“How can you create a sense of community in a venue as a way of drawing in audiences?”; ”How much is too much information about customers?”; “How do we market the arts to show the positive impact it can have on society?”; “What is the relevance and importance of Image?”; “What are innovative ways to engage an audience?”; “How do we attract a younger audience?”; “Marketing is a strategy to attract specific groups of people – how do we deal with the exceptions?”; “How do we propagate a new type of exhibition digital interative to potential consumers?”; “How can you make everyone within an organisation be on board/buy in to the overall company mission?”; “Is all press good press for the marketing department?”.
We had too little time to tackle such weighty issues. And for my next module which is on fundraising and development I will hold an Open Space near the start, and then shape the course to tackle each of the issues raised. Whenever I do that, as a teacher, it keeps me alive and energised. I hope it also ensures engagement from the cohort of future colleagues.
It is a scary time for arts organisations. We are all awaiting the reaction from our Boroughs and Local Authorities in the wake of Newcastle’s decision to cut arts in favour of essential services. A year ago I heard on the Today programme a politician (I think from Sweden) answering the challenge of which to cut – arts or hospitals. He calmly replied that if he was to cut the arts he would have to build more hospitals I welcome someone referencing me this quote/politician because it was inspired.
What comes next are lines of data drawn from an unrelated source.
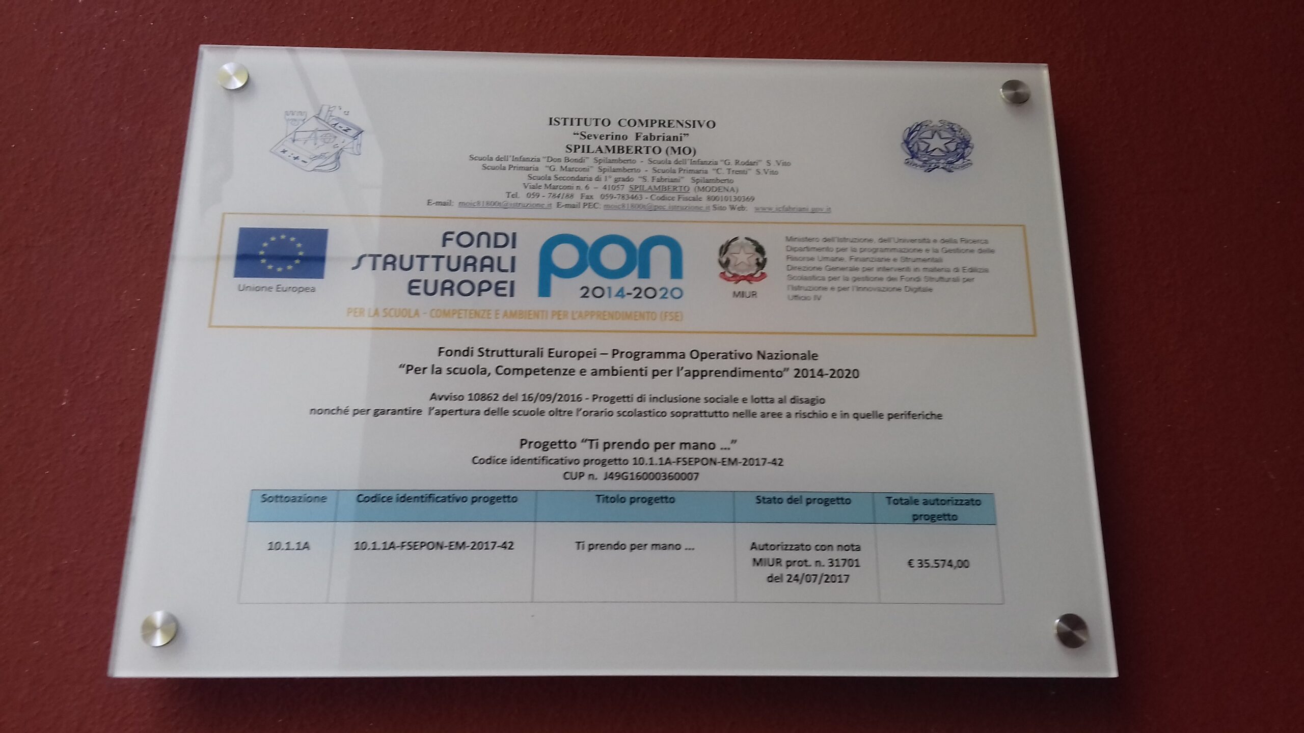LIstituto Comprensivo “S. Fabriani” nellanno 2017 è destinatario di finanziamento Fondo Sociale Europeo (FSE) per la realizzazione di “Progetti di inclusione sociale e lotta al disagio nonchè per garantire l’apertura della scuola oltre l’orario scolastico soprattutto nelle aree a rischio e in quelle periferiche”.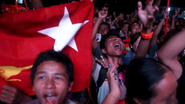 Dua puluh lima tahun setelah pemilu 1990, untuk kedua kalinya, hampir dipastikan Partai Liga Nasional untuk Demokrasi bakal menekuk partai yang disokong pemerintah, Partai Pembangunan dan Persatuan Solidaritas (USDP). Dari 54 kursi yang telah diumumkan oleh Komisi Pemilihan Umum kemarin, NLD menyapu 49 kursi.
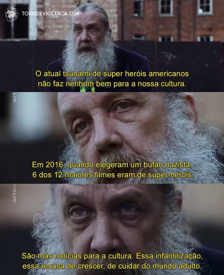 Recentemente vi bastante gente postando a foto abaixo, em que Alan Moore critica o “tsunami” de super-heróis, afirmando que devemos “crescer e cuidar do mundo adulto”.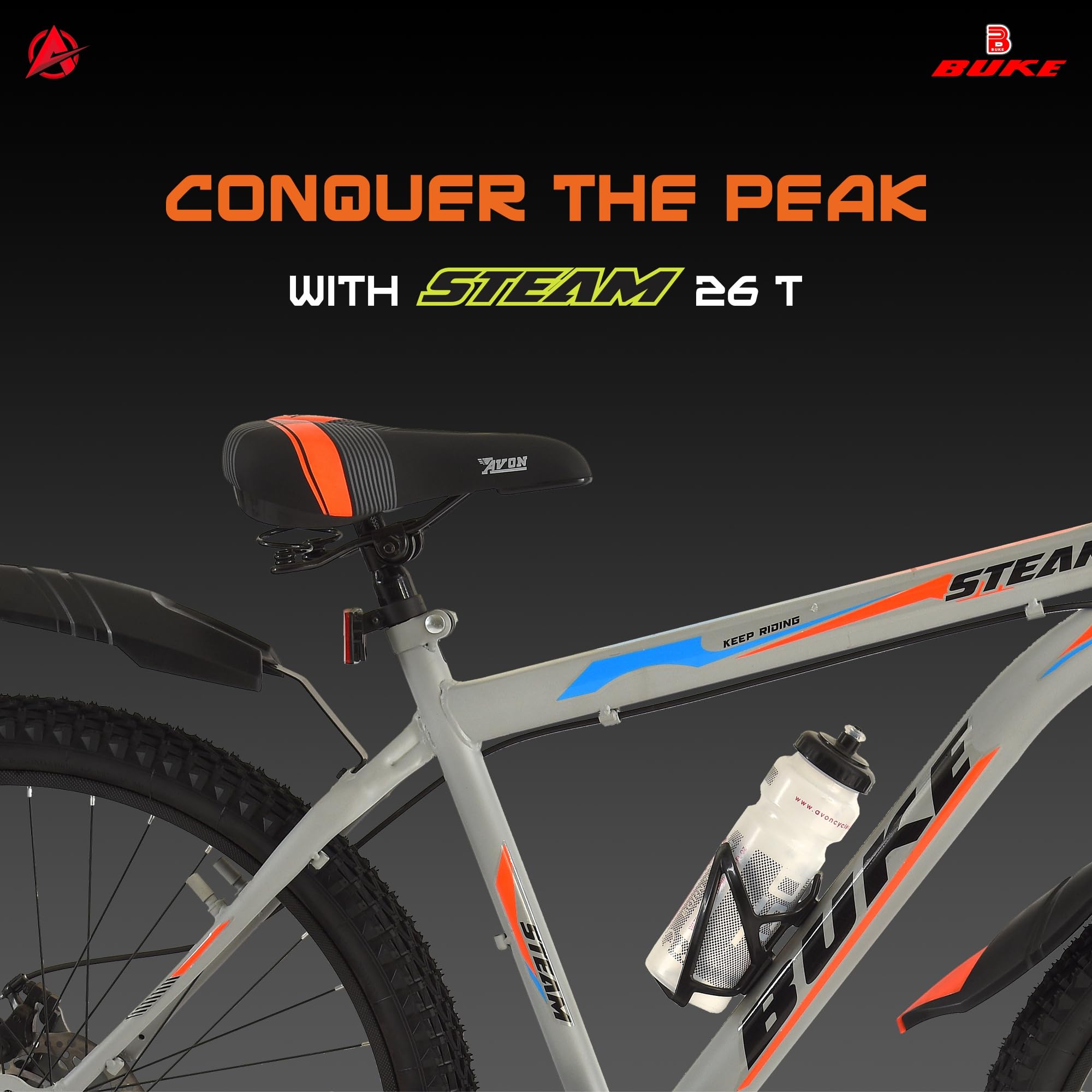 Avon Buke Steam Cycle for Men 26T MTB Adult Bicycle, Wheel Size: 26" Inch |Front High-Tensile Steel Frame 18 Inches | Suspension, Short Bend, Disc Brake and Double Wall Alloy (Matt Gloss Finish Grey)

I have read much in the last week haranguing the Newcastle City council. But like all other authorities they are caught by the short and curlews. They are required to fund better and better social services, education, policing and economic development – whilst being sucked dry of funding from the central budgets of government. Our focus, and those of my cohort of future leaders, must be on persuading government of the value of the arts in every walk of life, and the long term social, educational, policing and economic benefits of having a strong, vibrant, inclusive, and accessible arts strategy which enriches and changes people’s lives.
Let us hope other councils (and indeed Newcastle) find a way to look to a bright future for their community, rather than accept quick cuts which bleed us dry, losing all that is great in our creative and community spirit.